– Свят, свят, свят! – не веря тому, что видел, прошептал лейтенант и вновь зажмурился – вдруг повезёт, и танк исчезнет, как всякое видение?
Танк не исчез.
И говор немецкий, неторопливый, не исчез, он исходил оттуда – подле гусеницы трое танкистов расстелили брезент, разложили на нём еду, достали флягу и теперь мирно, в своё удовольствие, попивали шнапс, стучали короткими кожаными сапогами, когда в ногу кого-нибудь из них всаживал своё беспощадное жало комар, и вели речь о грядущем урожае винограда на юге Германии – одному из говорунов очень хотелось отведать сладкого вина под названием «Зимняя мечта» – он раза три начинал рассказывать, что вино это делается в малых количествах из ягод, побитых ранним морозом, морщинистых и сладких настолько, что с ними можно пить чай без сахара, но каждый раз его перебивали приятели и заводили речь о другом…
Чердынцев переместился к маленькому бойцу. Выходит, они ночевали рядом с немцами? И костёр жгли, и чай пили… Могли запросто засыпаться. Ломоносов глядел на лейтенанта непонимающими круглыми глазами: маленький боец думал о том же, что и Чердынцев.
Наконец маленький боец шевельнул холодными побелевшими губами.
– Как будем уходить, товарищ лейтенант?
– Как всегда – ногами.
– Всё шутите, товарищ лейтенант!
– А что нам остаётся делать? А, Ломоносов? Либо шутить, либо продавать свою жизнь подороже.

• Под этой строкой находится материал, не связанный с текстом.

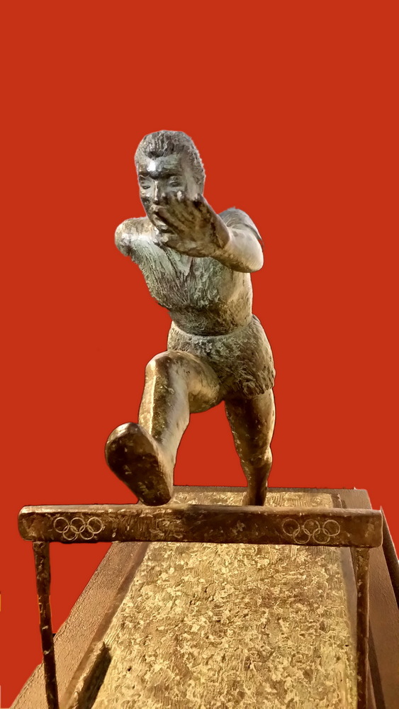 Beeld hordeloopster Fanny Blankers-Koen met namenpla...

Ломоносов привычно пошевелил губами, но ничего не сказал. Конечно, жизнь свою продать можно, но это – самое последнее дело. Им повезло – из глубины леса тем временем выполз хвост тумана, накрыл танк и немцев, коротавших подле машины ночное время, Чердынцев перебежал к высоким молодым кустам, вставшим ровной стенкой на окраине опасной поляны, подождал, когда его нагонит маленький боец, переместился под стволы старых елей, где гнездились крупные, похожие на курганы муравейники.
– Жди меня здесь, – приказал он маленькому бойцу и нырнул в густую завесу, застрявшую среди деревьев – всё-таки туман их выручает здорово; Ломоносов понял, что лейтенант чего-то засёк, вытянул шею, пытаясь понять, чего же увидел командир, но в тумане нельзя было что-либо различить. Лейтенанта он видел, а вот что-нибудь ещё – нет.
Неожиданно из тумана вытаял немец в каске, с автоматом на груди, при ранце – «сидор» кожаным верблюжьим горбом прирос к его спине, с телячьим подсумком, висящем на поясе слева – подсумок был до отказа набит автоматными рожками, справа у солдата болтался нож в железных ножнах – в общем, экипирован фриц был по полной программе.
Под нос себе солдат похмыкивал какую-то песню. Он пристроился у куста, чтобы оросить его, но не успел – за спиной у него возник лейтенант и что было силы ударил рукояткой пистолета под каску, в низ шеи.
Немец даже не охнул, такой резкий был удар, – ткнулся физиономией в куст. Лейтенант засунул пистолет под ремень, неторопливо навис над немцем и сдавил ему руками шею. Немец задёргал одной ногой, внутри у него что-то забулькало. Он вытянул перед собой пальцы, вцепился в зелень куста, ободрал её и затих.
Чердынцев сдёрнул с шеи убитого автомат, отстегнул от пояса подсумок, следом снял нож, потом ранец и, закинув его себе на одно плечо, скомандовал маленькому солдату:
– Уходим отсюда! Быстро!
В следующее мгновение он скрылся в сером вареве тумана, Ломоносов кинулся следом, ориентируясь по равнинам, оставшимся после бега лейтенанта в шевелящейся, похожей на дым плоти. У Ломоносова даже под лопатками сделалось больно от внезапного испуга: а вдруг он потеряет лейтенанта?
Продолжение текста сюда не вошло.